Review of Beyond the Veil of Stars and its sequel Beneath the Gated Sky by Robert Reed
Review by Mark
Let me begin at the end. These two novels are readable and the author almost certainly plans a third volume in what is so far a two novel series. So, if you are a serial reader these books are OK. However, these books are only "OK". They aren't particularly well written, the science in the fiction, while intriguing, is full of holes and the characters are sometimes boring.
Now for some specifics:
The principle ideas in this story are a bit complex and I'd like a chance to explain what I think this author is postulating. Here goes. If the reader is a particle in the universe then the reader is also a piece of unique information and can be defined by position, time, a variety of unique molecular compositions and quantum numbers etc. In general we can say that the amount of "information" is conserved- even if we die our fundamental information survives (some scientists argue that information is lost in a black hole but this is controversial). Beyond the Veil of Stars and Beneath the Gated Sky begin with a premise that observation is a kind of information removal and that there is some kind of quantum mechanical rebellion to the telescopic observation of the sky. Too much peering through telescopes makes such observation a quantum mechanically "forbidden" process and you only can observe yourself.
A subsequent premise in these novels is that life teems in the near universe and that these worlds are united through extra-dimensional intersections. When animals pass through the intersections they land on the connecting world naked and put together as an indigenous lifeform at approximately the same position on the food chain as the world left behind. Non-living items do not pass so immodesty is a requirement for this kind of space travel, and global conquest is made more inconvenient.
Anyhow, there exist a large race (called "The Few") that live among us and the indigenous races of all the near worlds, and their interactions and manipulations bring about complications. Therein lies the story in these two novels.
OK. Well if the exposition I have provided is slightly disjointed it's because Reed never makes clear what the connection is between these two ideas of quantum limits to visual observation of the sky and the interworld portals and their travellers. The ideas themselves are interesting but they dilute each other in a single story and get lost in the muddle.
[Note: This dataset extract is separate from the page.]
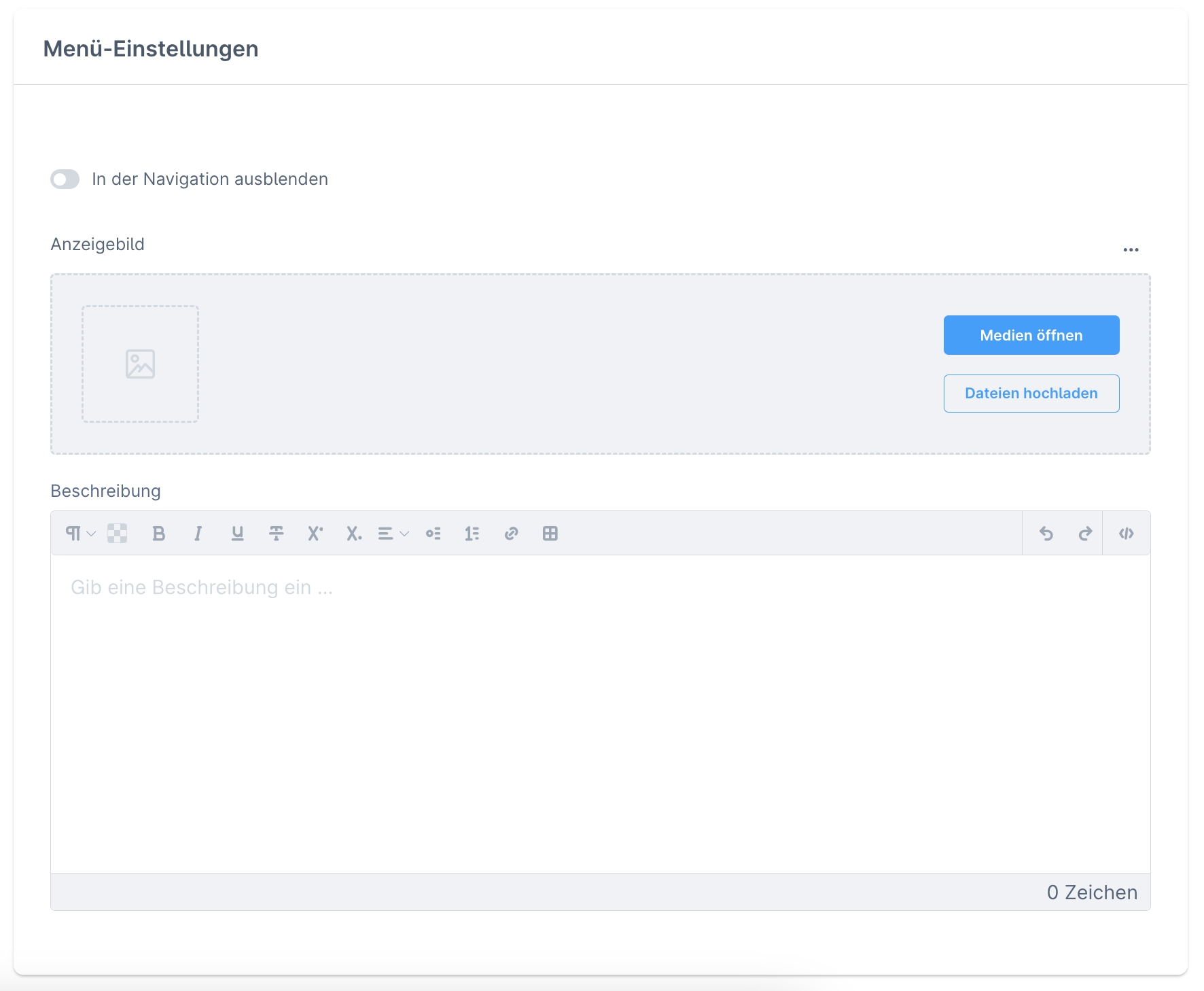 Damit du mit der Bild-Darstellung aus einer Kategorie auf die entsprechenden Unterkategorien verlinken kannst, ist immer ein Anzeigebild für die jeweiligen Unterkategorien notwendig. Verknüpfe daher unter "Kataloge > Kategorien > [Kategorie] > Menü-Einstellungen > Anzeigebild" deine Bilder, die du verwenden möchtest.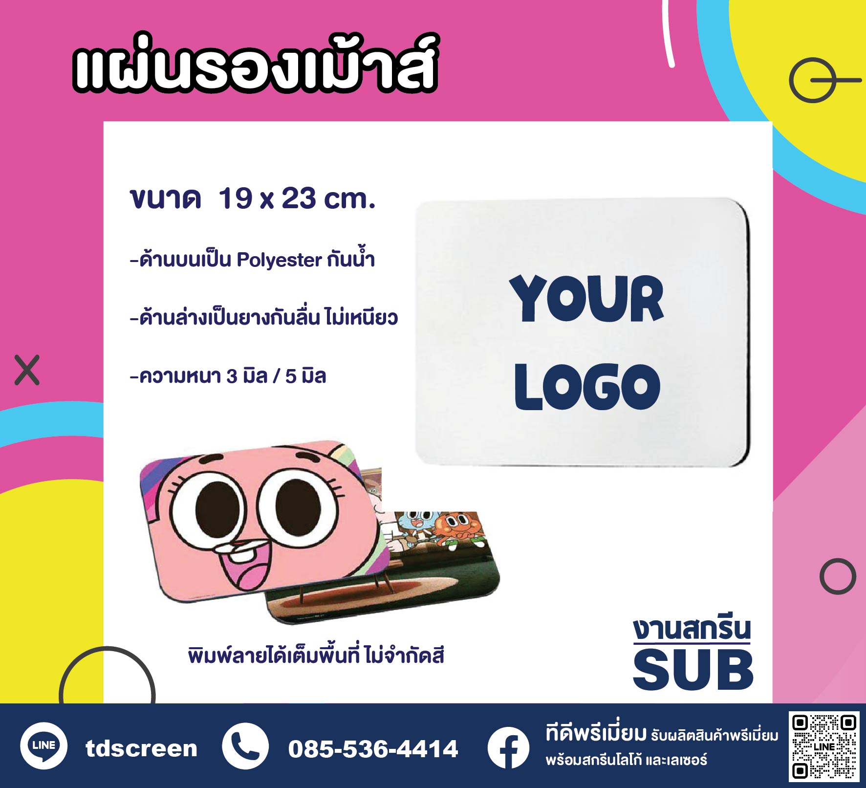 แผ่นรองเม้าส์พิมพ์รูปภาพ พิมพ์โลโก้ได้ไม่จำกัดสี ไม่มีค่าบล็อก

Within the novel there is a soap opera aspect involving a relatively dispassionate love affair between a human and one of The Few. There is also the obligatory government conspiracy, but it doesn't all amount to very much and the characters are pretty stereotypical. The second novel ends leaving the reader hanging and the author hints about a second race of interworld travellers that have a clashing relationship with The Few. With three years between novels, the next installment should be coming out soon.